### [SOURCE DATA]
+ + + +

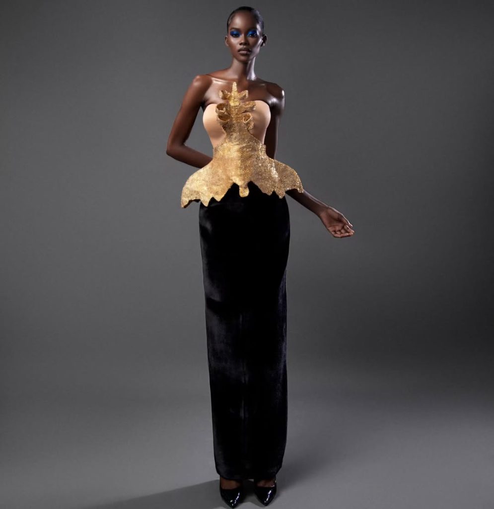 The opening look establishes the collection’s central dialectic: constraint and eruption. A strapless corset in liquid gold—beaded so densely it reads as molten metal rather than fabric—cinches the torso into an exaggerated hourglass that references both Victorian fetishism and West African sculptural traditions. The peplum flares with jagged, organic edges, as if the garment has grown rather than been constructed, while cascading from the waist is a tail of interlocking gold forms that suggest vertebrae, armor, or the skeletal structure of some mythological creature. Below, a column of black velvet provides the necessary visual silence, allowing the gold’s percussion to resonate fully. This is not a dress that accommodates movement; it commands it.
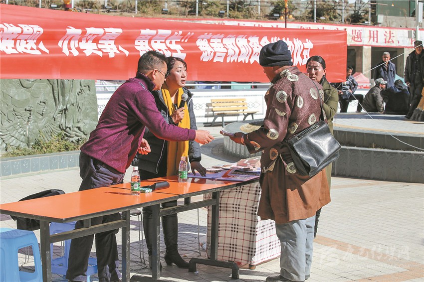 白玉縣集中開展了政策文化衛(wèi)生科技法律集中服務“五下鄉(xiāng)”活動,在嚴寒中為近2000名群眾送去了溫暖?;顒又校墒〖壭v員松吉尼瑪帶隊的政策宣講組,用通俗易懂的“土話”、民間諺語,為群眾講解了脫貧攻堅等政策。同時,新組建的縣藝術團送上了精彩的節(jié)目。由縣人民醫(yī)院、藏醫(yī)院等單位組成的“送衛(wèi)生”服務隊開展了現(xiàn)場義診活動,免費為群眾提供醫(yī)療服務。“送科技”和“送法律”服務隊進行了科普和法律服務,獲得到場群眾的由衷點贊。
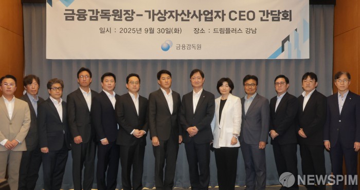 [서울=뉴스핌] 양윤모 기자 = 이찬진 금감원장이 30일 오후 서울 강남구 드림플러스에서 개최된 '금융감독원장-가상자산사업자 CEO 간담회'에 참석 기념촬영을 하고 있다. 이번 간담회는 빗썸을 제외한 업비트, 코인원, 코빗, 고팍스 등 주요 가상자산 거래소 CEO와 디지털자산 거래소협의체(닥사, DAXA) 부회장 등이 참석했다. 2025.09.30 yym58@newspim.com

+ + + +

### [WHAT THIS TASK INVOLVES]
Set down word for word each line from the one containing "白玉縣集中開展了政策文化衛(wèi)生科" through the end of the material, and keep the pictures out of it.

### [OUTPUT OF THE TASK]
 白玉縣集中開展了政策文化衛(wèi)生科技法律集中服務“五下鄉(xiāng)”活動,在嚴寒中為近2000名群眾送去了溫暖?;顒又校墒〖壭v員松吉尼瑪帶隊的政策宣講組,用通俗易懂的“土話”、民間諺語,為群眾講解了脫貧攻堅等政策。同時,新組建的縣藝術團送上了精彩的節(jié)目。由縣人民醫(yī)院、藏醫(yī)院等單位組成的“送衛(wèi)生”服務隊開展了現(xiàn)場義診活動,免費為群眾提供醫(yī)療服務。“送科技”和“送法律”服務隊進行了科普和法律服務,獲得到場群眾的由衷點贊。
 [서울=뉴스핌] 양윤모 기자 = 이찬진 금감원장이 30일 오후 서울 강남구 드림플러스에서 개최된 '금융감독원장-가상자산사업자 CEO 간담회'에 참석 기념촬영을 하고 있다. 이번 간담회는 빗썸을 제외한 업비트, 코인원, 코빗, 고팍스 등 주요 가상자산 거래소 CEO와 디지털자산 거래소협의체(닥사, DAXA) 부회장 등이 참석했다. 2025.09.30 yym58@newspim.com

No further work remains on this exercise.